Tekmal plans to combine agents such as tamoxifen or aromatase inhibitors that are often given to patients with early stages of breast cancer and those whose cancer has spread to other parts of the body after chemotherapy. The tumor’s growth is halted because these agents deprive the cancer of the estrogen it needs to grow. For women with certain types of breast cancer, taking tamoxifen after surgery for five years cuts in half the chances of the cancer coming back, according to the National Cancer Institute.

“Over time, however, the cancer becomes resistant to this approach and begins to grow,” Tekmal said. “About 50 percent of patients develop resistance to tamoxifen over three to five years. It appears the same is true also with aromatase inhibitors that deplete the supply of estrogen to tumor.
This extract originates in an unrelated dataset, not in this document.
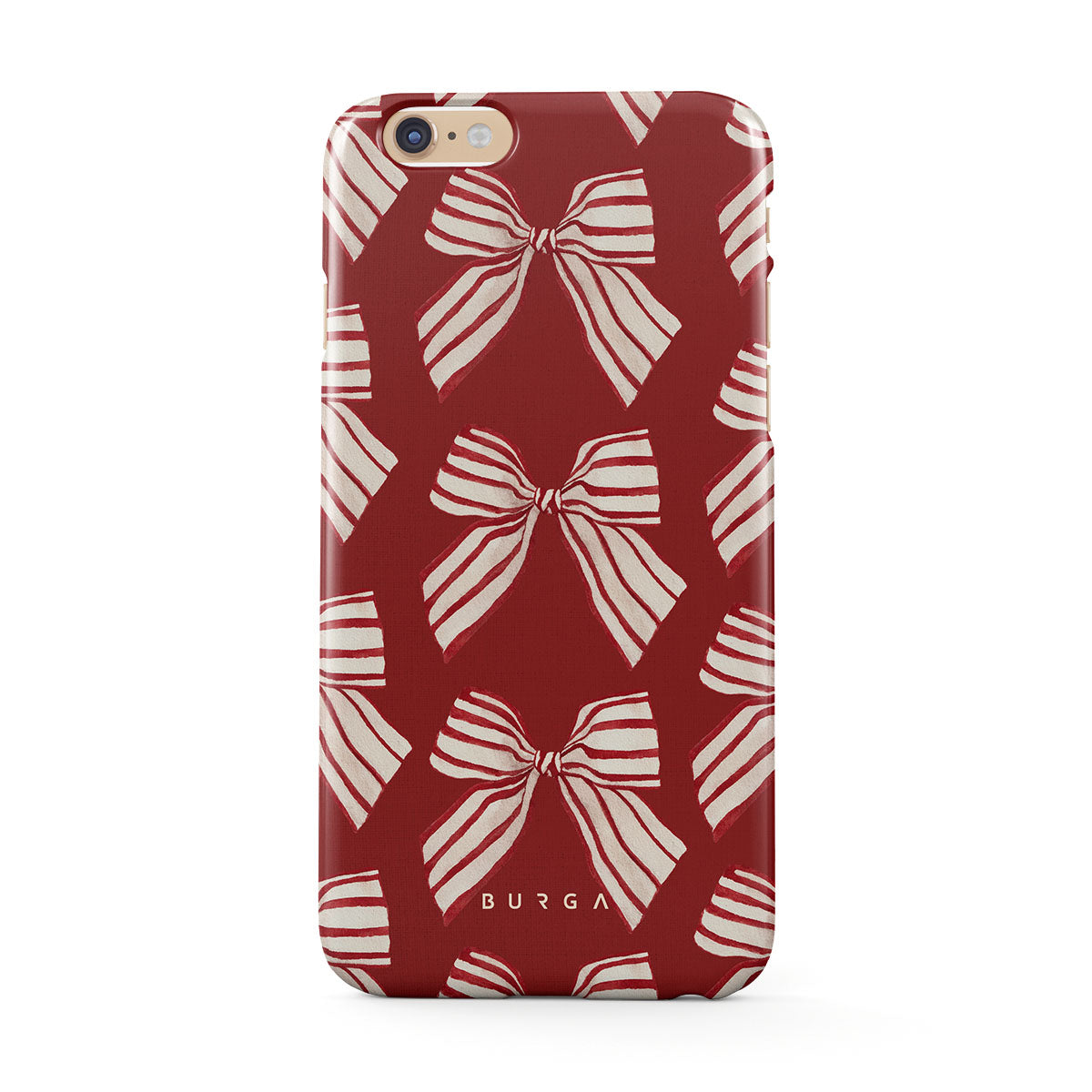 El diseño presenta: moños, rayas, rojo, blanco, motivos navideños.
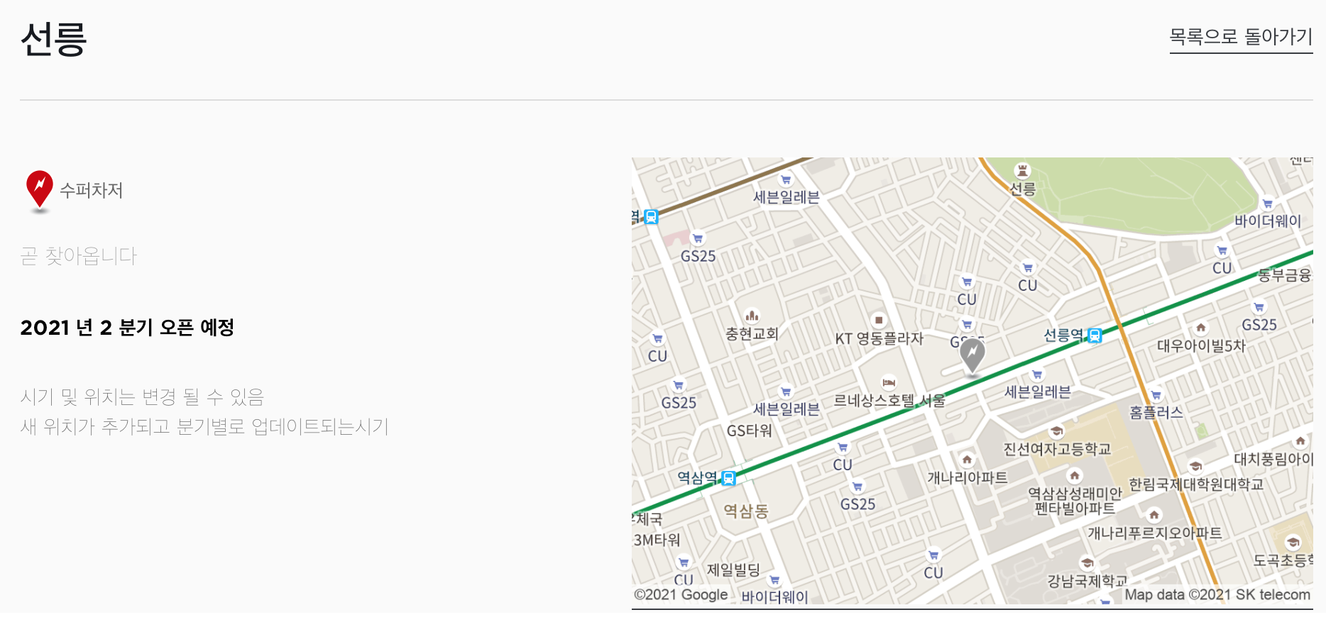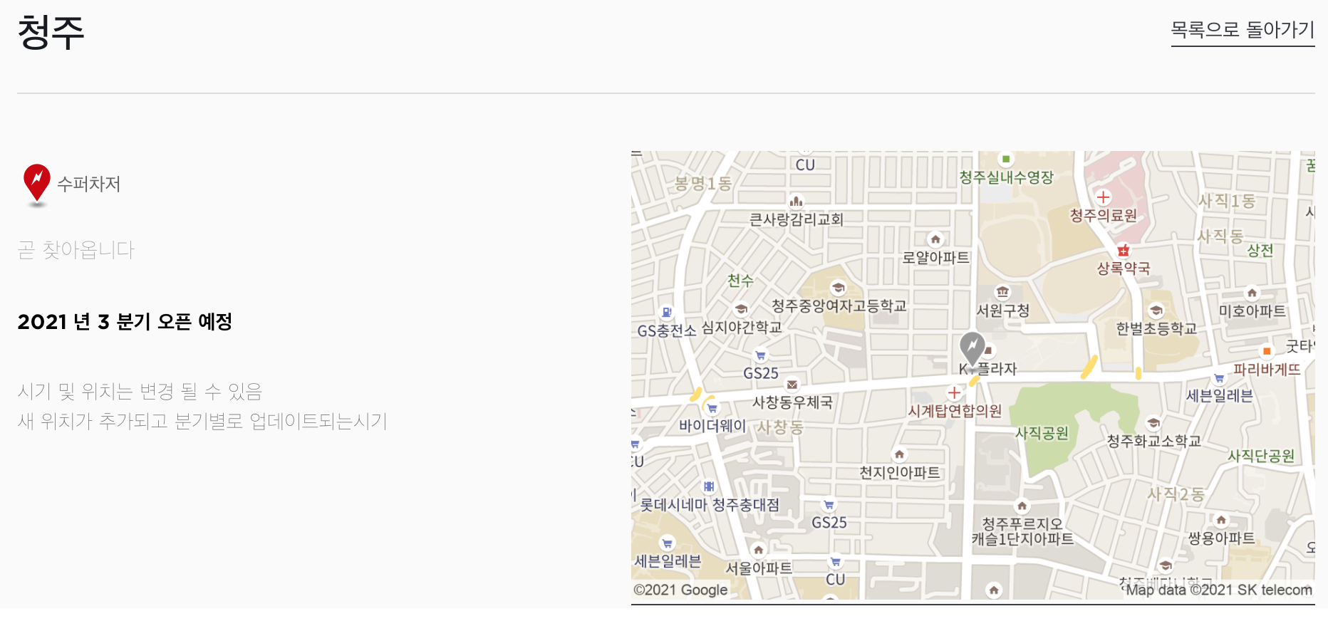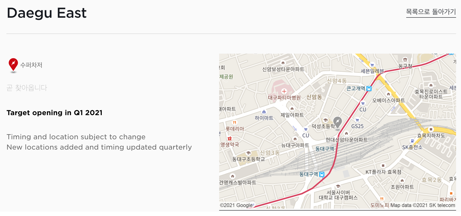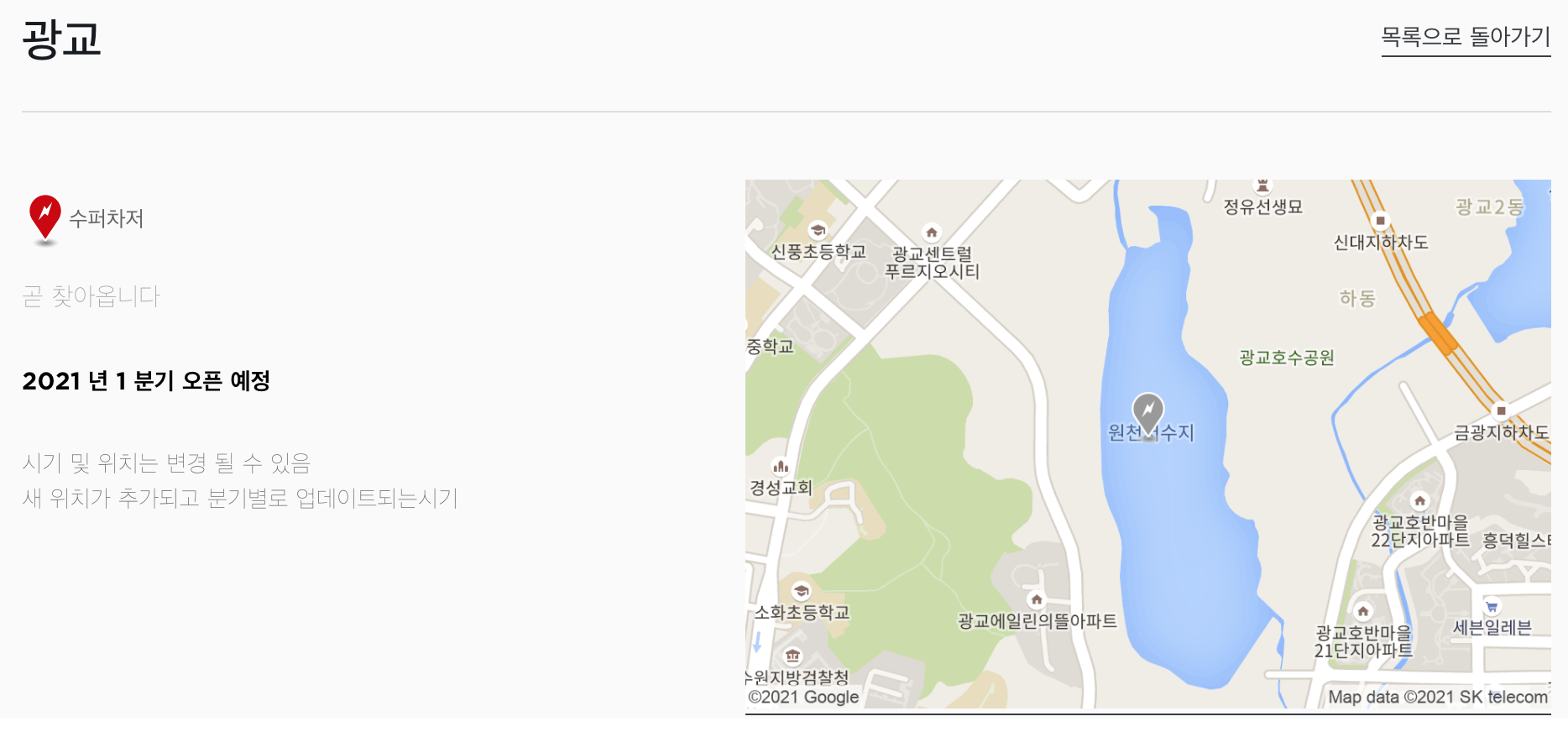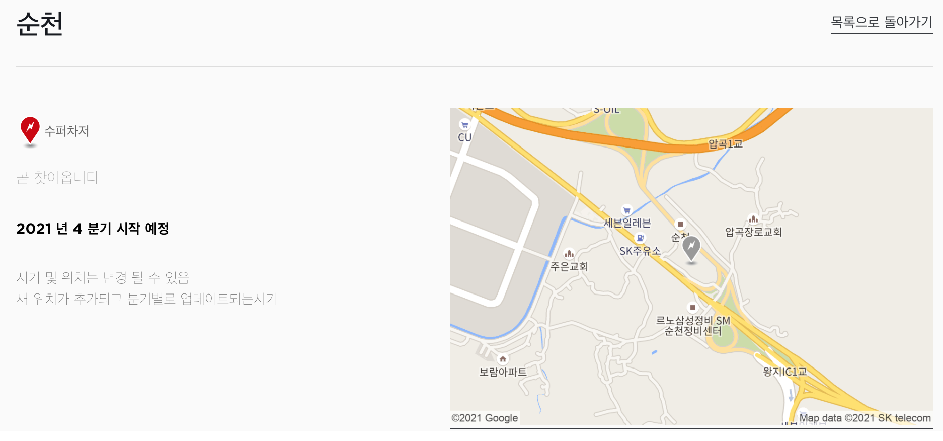 이렇게 올해 추가될 수퍼차저의 위치를 알아봤습니다.

The cancer will figure out another way to thrive in the absence of the estrogen.”

Tekmal’s approach to overcome this resistance is to combine drugs that create “moving targets” for the cancer to pursue. He hopes his approach can destroy the machinery the tumor creates in order to grow without the estrogen.

“We also hope to create a genetic profile capable of predicting how a treatment will work in a woman with breast cancer. It will enable physicians to choose the best treatment at the outset,” Tekmal said.

Tekmal will present his research this Saturday at the San Antonio Breast Cancer Symposium, the largest scientific meeting in the world devoted to breast cancer research.

“I am trying to prevent the tragedy that Kay Yow faced – battling breast cancer that keeps coming back,” Tekmal said.

Sue Donohoe, NCAA vice president for Division I women’s basketball, said the NCAA actively seeks opportunities that will impact the host community for the Women’s Final Four.

“Being able to collaborate with The V Foundation for Cancer Research and the Kay Yow/WBCA Cancer Fund is a winning combination,” she said. “Cancer has touched all of our lives in some capacity, and it’s good to see that the research grant money will be going to continued efforts to help eradicate breast cancer.”